Abstract

Maize is important for the biofuel and bio-based products. Building a clean maize production system could minimize the environment pollution from the N loss from the sloping land and achieve the industrial sustainable development. As a nitrogen-rich source, melamine could be used as a slow-release nitrogen (N) fertilizer, which provides a route for the recycling of melamine waste and the combatting of N loss from fertilizers. Model N release of melamine was compared with urea, sulfur(S)-coated urea via N loss in leaching column under intermittent leaching and under the ploughing fertilizer in the farmland soil. Only 7.12 % of the total nitrogen (TN) was lost from the 21 irrigation events, while the loss of TN from urea reached 77.28 %. TN from urea would be release totally in soil within 14 days in the ploughing fertilizer experiment, but 62 % of melamine was remained after 144 days. In order to evaluate the efficacy of melamine as an N fertilizer, plot experiments with an N rate of 180 kg ha-1 were carried out using pure melamine, urea and S-coated urea as well as mixed melamine/urea at 2:8, 1:1 and 7:3 by the N ratio.
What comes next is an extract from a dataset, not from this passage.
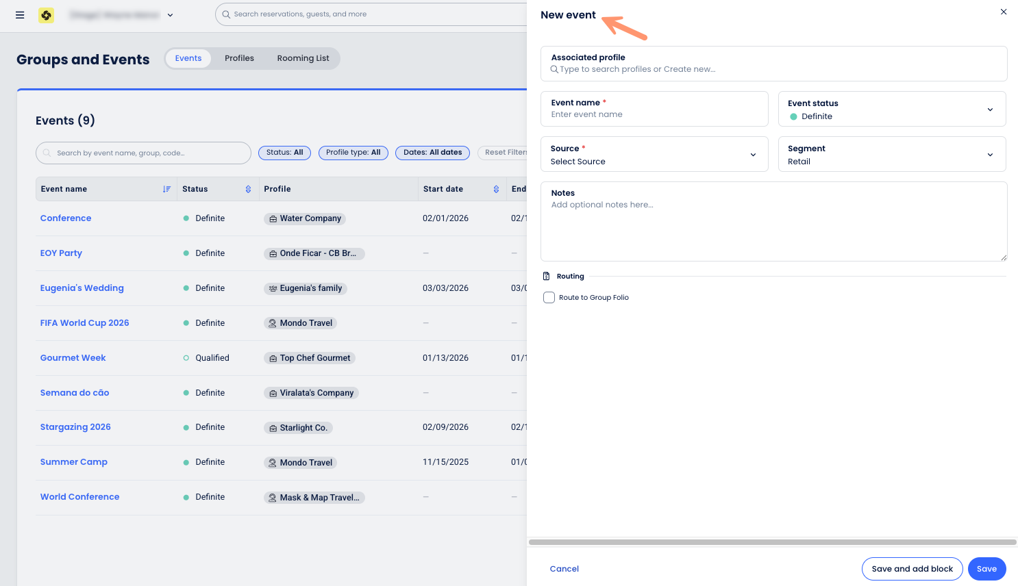 ในสถาปัตยกรรมใหม่ โปรไฟล์ คือ “แหล่งข้อมูลเดียวที่เชื่อถือได้” ขององค์กรของคุณ (บริษัท, ตัวแทนบริษัทท่องเที่ยว หรือกลุ่ม) และ อีเวนต์ คือพื้นที่ทำงานเฉพาะที่พักที่คุณจัดการรายละเอียดปฏิบัติการสำหรับการเข้าพักหรือโอกาสเฉพาะ (วัน, บล็อกโควตา, การรับส่ง และเงื่อนไขระดับอีเวนต์)

Melamine fertilization alone was unable to satisfy the N demand of maize, but the melamine/urea mixture (1:1) was comparable to the commercial S-coated urea in both years in terms of the grain yield (2217 kg ha-1 in 2019, 2368 kg ha-1 in 2020), total aboveground dry matter (5076 kg ha-1 in 2019, 4815 kg ha-1 in 2020), aboveground N uptake (36 kg ha-1 in 2019, 48 kg ha-1 in 2020), partial factor productivity of nitrogen (12.32 kg kg-1 in 2019 and 13.16 kg kg-1 in 2020) and net return (1474 USD in 2019, 1606 USD in 2020). Melamine accumulation in the maize grain measured from ELISA (enzyme-linked immunosorbent assay) ranged from 0.24 to 1.8 mg kg-1. The valorization of the melamine waste into N fertilizer by blending with urea was a possible way of reducing melamine pollution, alleviating N loss in hilly area and building a recyclable agriculture system.